- _ACTIVITY_
The answer must be the full listing, word for word, with no pictures in it.

- _DATA EXTRACT_
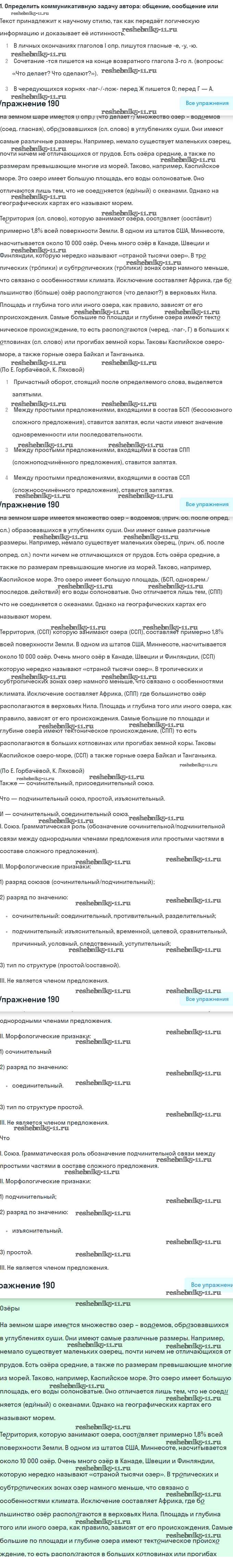 Готовая домашняя работа с ответами по Русскому языку за 7 класс Янченко, Латфуллина, Михайлова Рабочая тетрадь Часть 1, 2 Просвещение 2017 - Упражнения 190
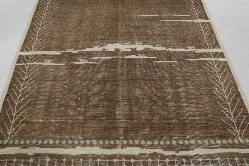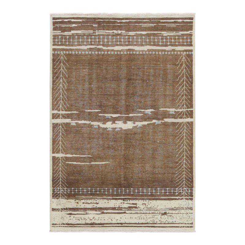 Moroccan-Inspired Rug in Rich Brown and Cream Primitivist Geometry by Rug&Kilim
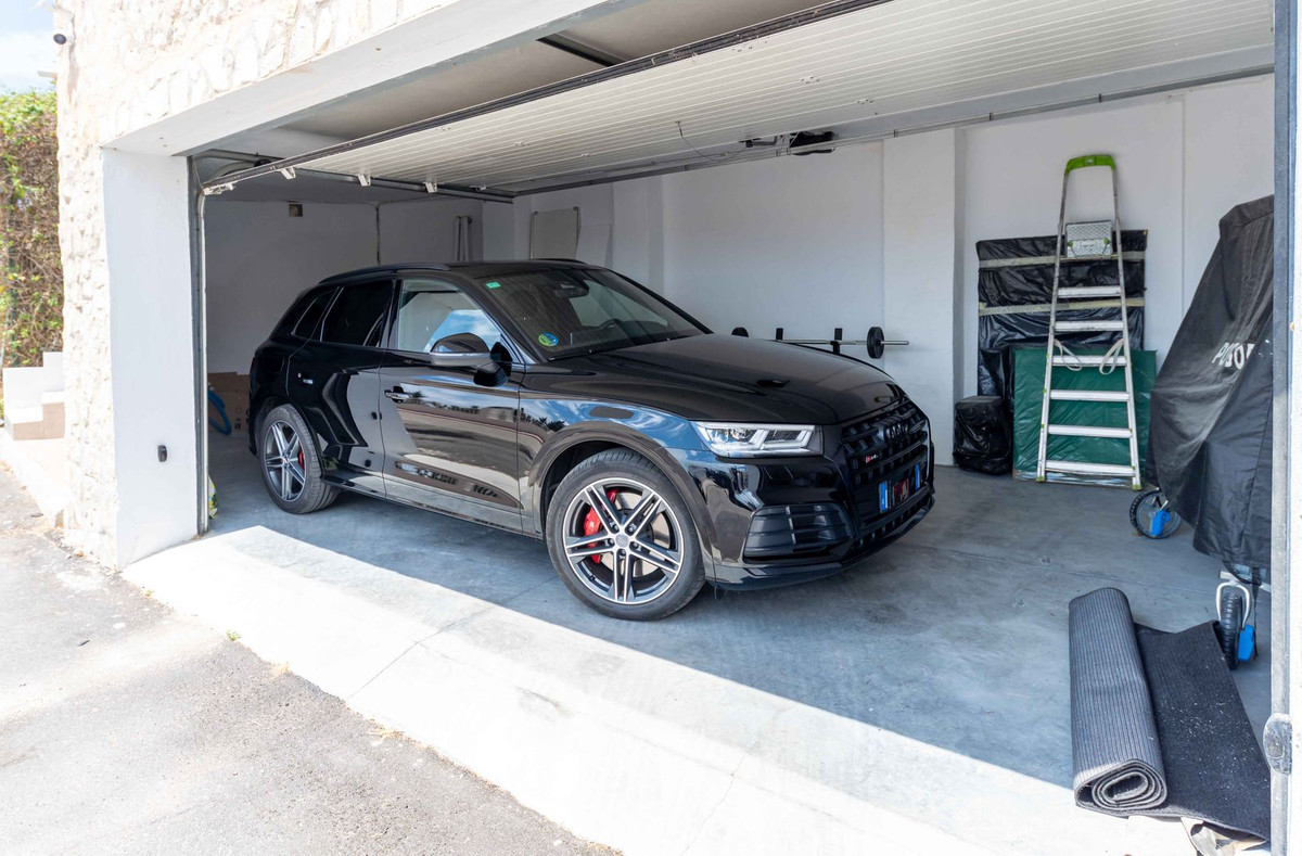 Large private garage for 2 cars and storage space. Furthermore the gated driveway offers space for at least 2 more cars.
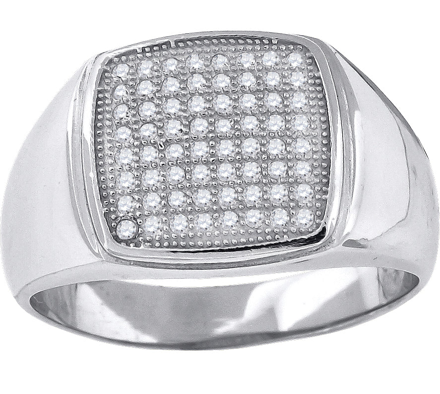 925 Sterling Silver Mens Cubic Zirconia Square Head Fashion Ring Size 9
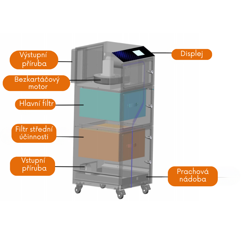 Kombinace robustního řešení pro odsávání prachu a účinného odstraňování organických pachů.
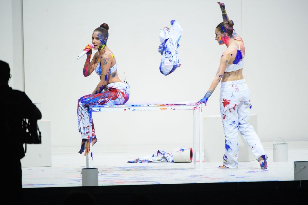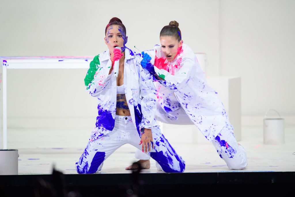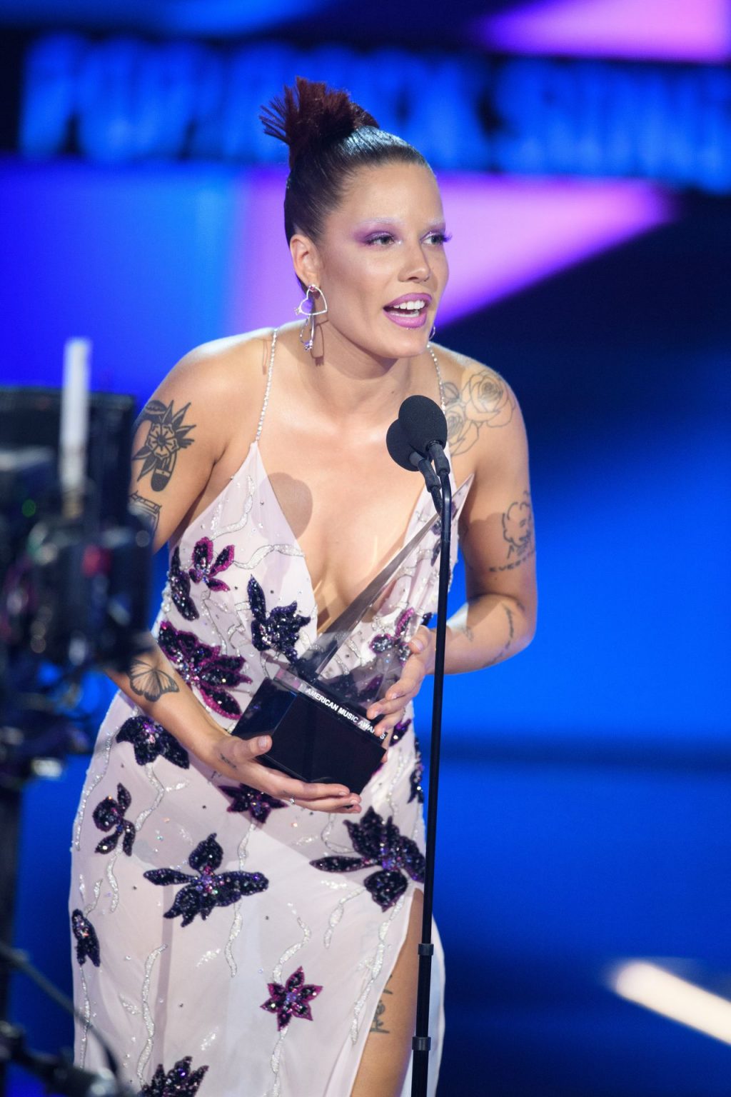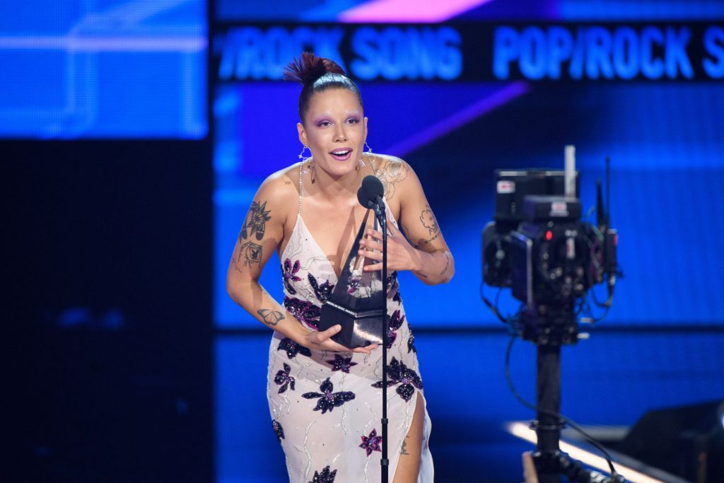 La cantante Halsey mostró sus pechos en el escenario mientras actuaba en los American Music Awards 2019 en Los Ángeles, 24/11/2019. Halsey estaba cubierta de pintura, y luego recibió el premio.
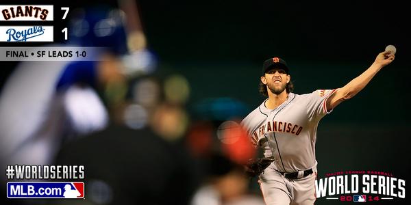 Los Gigantes de San Francisco, campeones de la Liga Nacional, impusieron condiciones durante el primer juego de la Serie Mundial de Beisbol al vencer este martes por 7-1 a los Reales de Kansas City, campeones de la Liga Americana, en el estadio Kauffman, en Missouri.
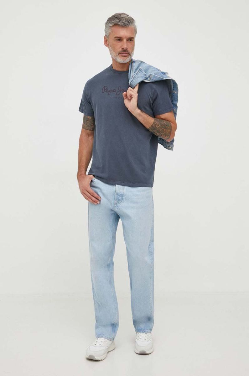 Бавовняна футболка Pepe Jeans Jayden колір синій з принтом
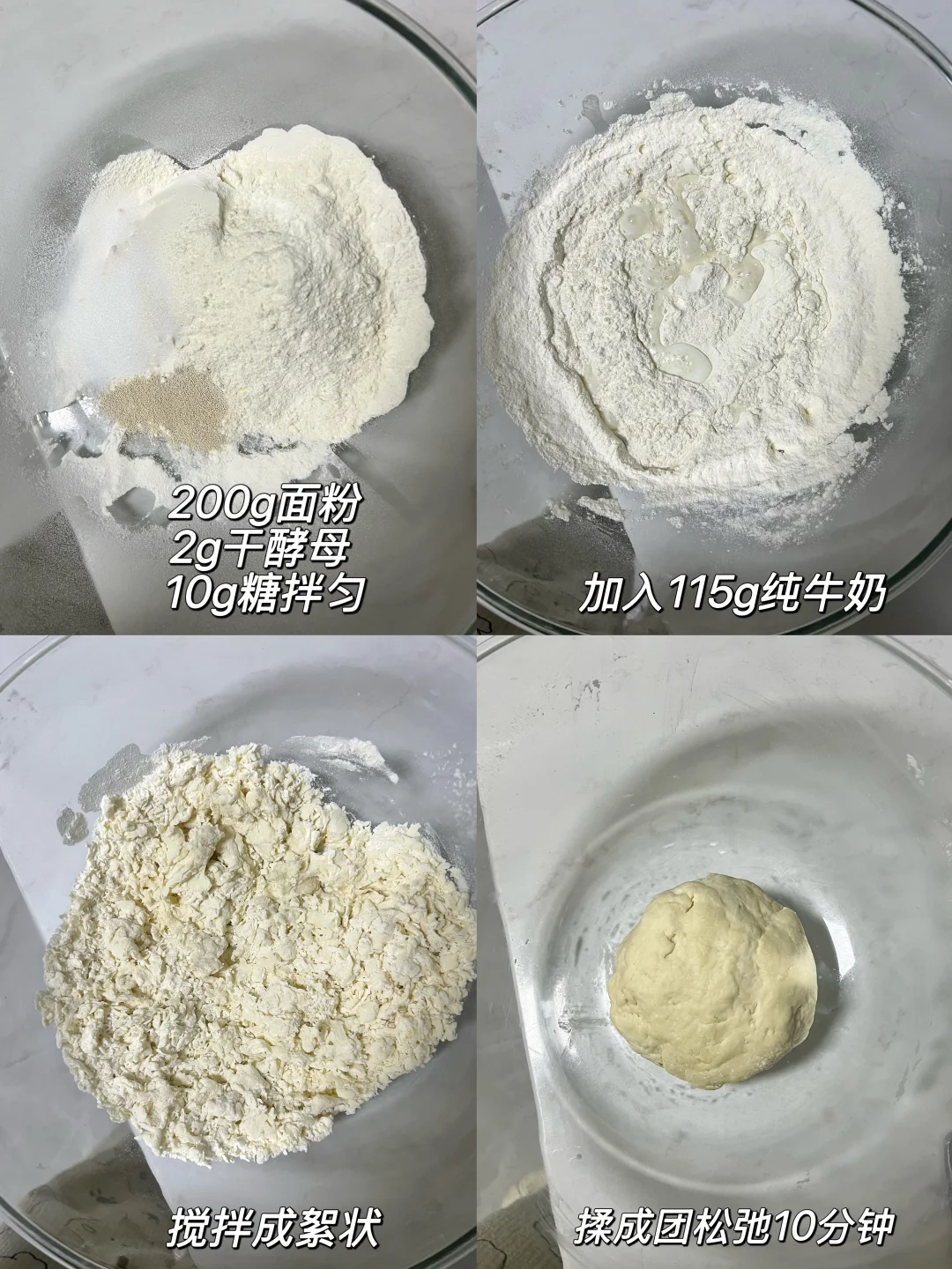 中筋粉200g、牛奶115g、细砂糖10g、干酵母2g、红曲粉适量(也可以用红丝绒液)
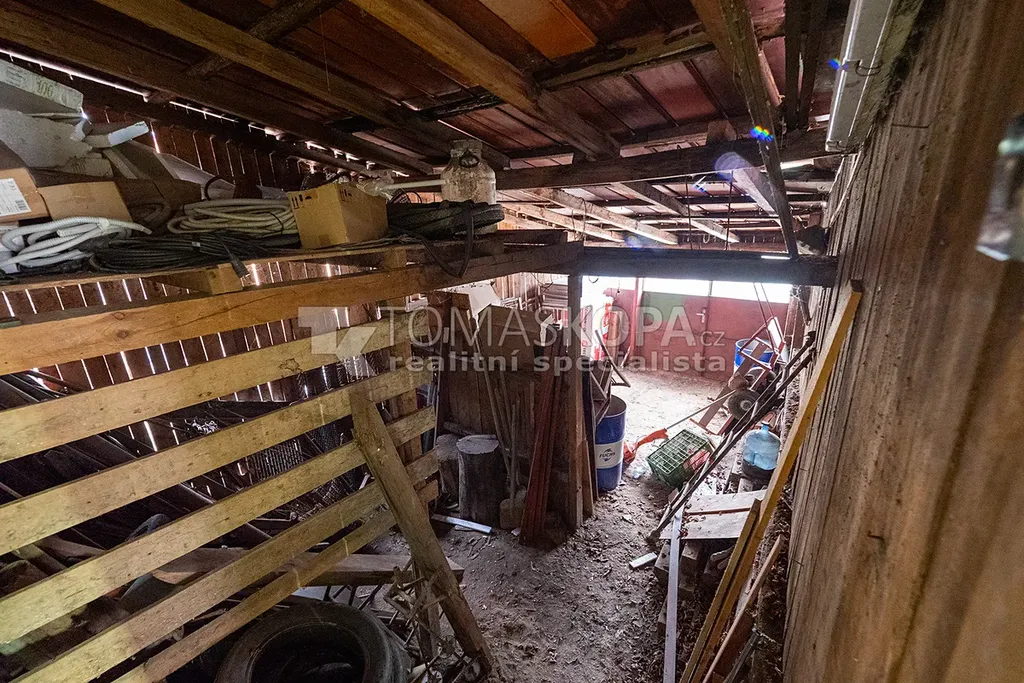 Součástí je také velká garáž a kůlna (78 m²), které poskytují dostatek prostoru pro parkování, dílnu i skladování.
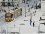 - Une rame fleurie Citadis 302 Alstom longe la première tranche ouverte aux piétons du nouveau parvis de la gare Saint-Roch à Montpellier, le vendredi 8 mai 2015. Copyright : Anje34
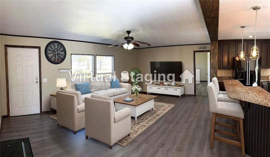 This beautiful, custom built, 4 bedroom home sits on a lush 1/2 acre corner lot. It's the perfect location to enjoy the historically lower taxes & lower fuel prices of MO, while yet being just minutes from KS with easy access to Hwy 54. The peaceful town of Deerfield is well known to provide a slower paced lifestyle with friendly neighbors. According to the Down Payment Resource article on 8/26/25, it's reported that rising numbers of manufactured homes, such as this beautifully built home, as being "more affordable, efficient & better quality" than many other site built options. "The reason is that they are built indoors under controlled conditions, offering greater consistency, durability and compliance with HUD safety and energy standards than ever before." Additionally, "they are more affordable than a site built home, which is perfect for the budget conscious buyer." See the many custom features of this well maintained, country inspired, home! The open floor design allows for great natural lighting from the large thermal windows of the living & dining room. The oversized kitchen is a cooks dream, a spacious kitchen island with bar seating, updated flooring throughout & a fantastic sliding glass door located off the dining area which leads out to a comfortable deck used for entertaining & relaxing after a long day. Each bedroom offers walk in closets & storage options throughout. The smart thermostat is a fantastic modern feature when traveling for extended periods. The master bedroom is easily called a sanctuary, as it allows for large furniture, the walk in closet is unbelievable in size & the attached master bath provides a soaking tub, double vanity, separate shower & a space galore! A 23x30 attached garage with concrete floor, a hunting de-scent closet & workshop space is perfect on wet weather days. An additional detached storage building is perfect for hobbies, a chicken house, or whatever your heart desires. This is a must see!
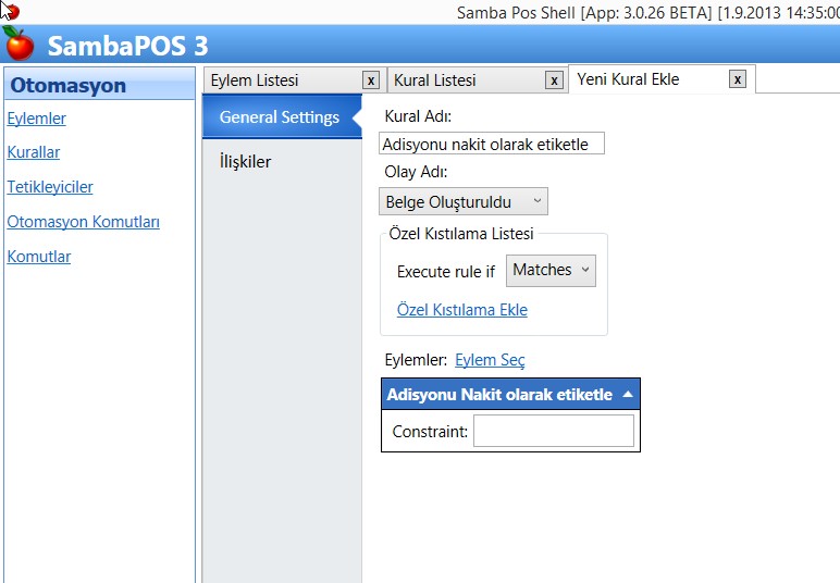 Bu eylemin ne zaman yapılacağını belirten birde kural eklemelisiniz. isterseniz adisyon oluşturulurken isterseniz kapanırken isterseniz adisyona sipariş eklenirken çoğu şekilde etiketleme için bir olay seçebilirsiniz.
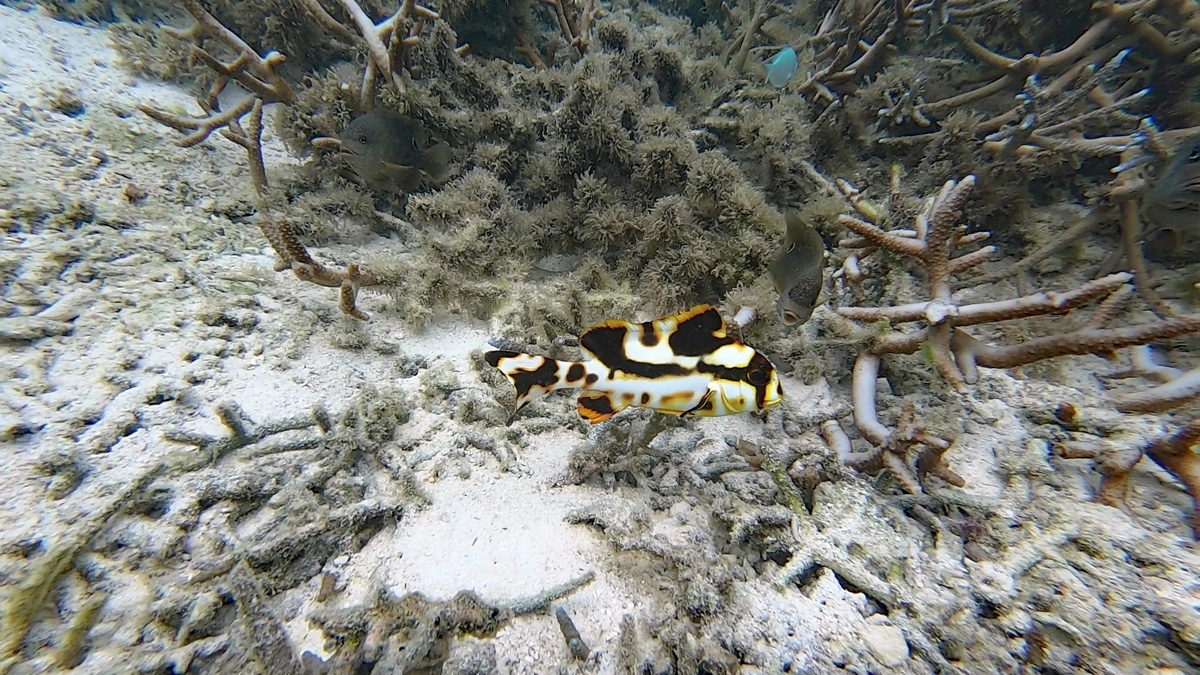 In den strandnahen flachen Korallen lassen sich außerdem Koffer- und Kugelfische beobachten, ansonsten trifft man hier eher auf die kleineren Bewohner des Meeres.
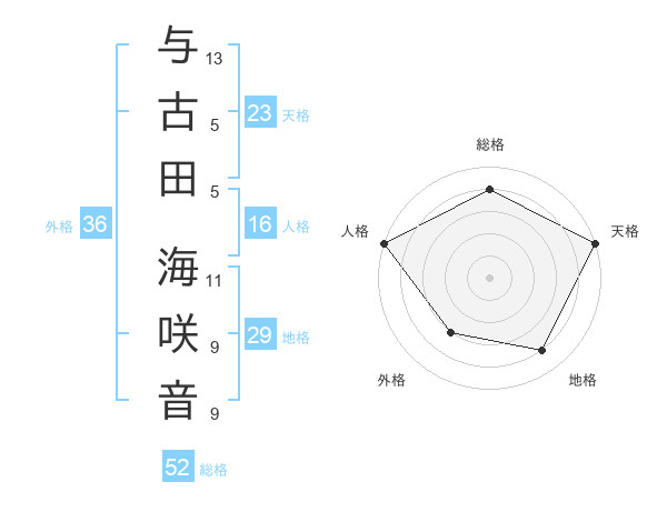 与古田 海咲音さんの天格は23画の5点!
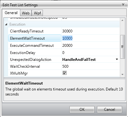 Thank you for asking! We have not yet properly documented this feature. There's a new setting contained in the test list settings that is your new global OnElementWaitTimeout property.
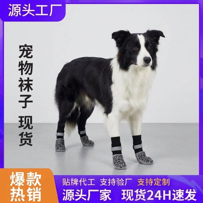 대형견용 미끄럼 방지 바닥 강아지 양말, 긁힘 방지 무소음 애완동물 양말, 블랙 레오파드 무늬 강아지 신발 도매스토어 가기
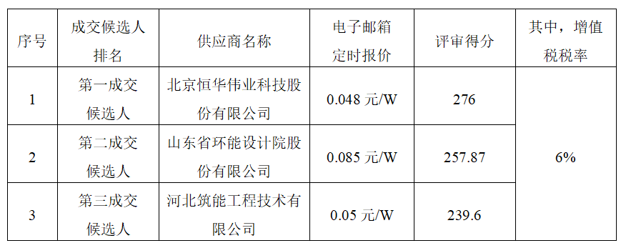 根據(jù)詢比公告規(guī)定,采購(gòu)人確定北京恒華偉業(yè)科技股份有限公司為成交人,成交價(jià)0.048元/W,增值稅稅率6%,最終合同總價(jià)以實(shí)際裝機(jī)容量為準(zhǔn),按照合同約定完成設(shè)計(jì)咨詢工作。

- _SOLVED EXERCISE_
 Готовая домашняя работа с ответами по Русскому языку за 7 класс Янченко, Латфуллина, Михайлова Рабочая тетрадь Часть 1, 2 Просвещение 2017 - Упражнения 190
 Moroccan-Inspired Rug in Rich Brown and Cream Primitivist Geometry by Rug&Kilim
 Large private garage for 2 cars and storage space. Furthermore the gated driveway offers space for at least 2 more cars.
 925 Sterling Silver Mens Cubic Zirconia Square Head Fashion Ring Size 9
 Kombinace robustního řešení pro odsávání prachu a účinného odstraňování organických pachů.
 La cantante Halsey mostró sus pechos en el escenario mientras actuaba en los American Music Awards 2019 en Los Ángeles, 24/11/2019. Halsey estaba cubierta de pintura, y luego recibió el premio.
 Los Gigantes de San Francisco, campeones de la Liga Nacional, impusieron condiciones durante el primer juego de la Serie Mundial de Beisbol al vencer este martes por 7-1 a los Reales de Kansas City, campeones de la Liga Americana, en el estadio Kauffman, en Missouri.
 Бавовняна футболка Pepe Jeans Jayden колір синій з принтом
 中筋粉200g、牛奶115g、细砂糖10g、干酵母2g、红曲粉适量(也可以用红丝绒液)
 Součástí je také velká garáž a kůlna (78 m²), které poskytují dostatek prostoru pro parkování, dílnu i skladování.
 - Une rame fleurie Citadis 302 Alstom longe la première tranche ouverte aux piétons du nouveau parvis de la gare Saint-Roch à Montpellier, le vendredi 8 mai 2015. Copyright : Anje34
 This beautiful, custom built, 4 bedroom home sits on a lush 1/2 acre corner lot. It's the perfect location to enjoy the historically lower taxes & lower fuel prices of MO, while yet being just minutes from KS with easy access to Hwy 54. The peaceful town of Deerfield is well known to provide a slower paced lifestyle with friendly neighbors. According to the Down Payment Resource article on 8/26/25, it's reported that rising numbers of manufactured homes, such as this beautifully built home, as being "more affordable, efficient & better quality" than many other site built options. "The reason is that they are built indoors under controlled conditions, offering greater consistency, durability and compliance with HUD safety and energy standards than ever before." Additionally, "they are more affordable than a site built home, which is perfect for the budget conscious buyer." See the many custom features of this well maintained, country inspired, home! The open floor design allows for great natural lighting from the large thermal windows of the living & dining room. The oversized kitchen is a cooks dream, a spacious kitchen island with bar seating, updated flooring throughout & a fantastic sliding glass door located off the dining area which leads out to a comfortable deck used for entertaining & relaxing after a long day. Each bedroom offers walk in closets & storage options throughout. The smart thermostat is a fantastic modern feature when traveling for extended periods. The master bedroom is easily called a sanctuary, as it allows for large furniture, the walk in closet is unbelievable in size & the attached master bath provides a soaking tub, double vanity, separate shower & a space galore! A 23x30 attached garage with concrete floor, a hunting de-scent closet & workshop space is perfect on wet weather days. An additional detached storage building is perfect for hobbies, a chicken house, or whatever your heart desires. This is a must see!
 Bu eylemin ne zaman yapılacağını belirten birde kural eklemelisiniz. isterseniz adisyon oluşturulurken isterseniz kapanırken isterseniz adisyona sipariş eklenirken çoğu şekilde etiketleme için bir olay seçebilirsiniz.
 In den strandnahen flachen Korallen lassen sich außerdem Koffer- und Kugelfische beobachten, ansonsten trifft man hier eher auf die kleineren Bewohner des Meeres.
 与古田 海咲音さんの天格は23画の5点!
 Thank you for asking! We have not yet properly documented this feature. There's a new setting contained in the test list settings that is your new global OnElementWaitTimeout property.
 대형견용 미끄럼 방지 바닥 강아지 양말, 긁힘 방지 무소음 애완동물 양말, 블랙 레오파드 무늬 강아지 신발 도매스토어 가기
 根據(jù)詢比公告規(guī)定,采購(gòu)人確定北京恒華偉業(yè)科技股份有限公司為成交人,成交價(jià)0.048元/W,增值稅稅率6%,最終合同總價(jià)以實(shí)際裝機(jī)容量為準(zhǔn),按照合同約定完成設(shè)計(jì)咨詢工作。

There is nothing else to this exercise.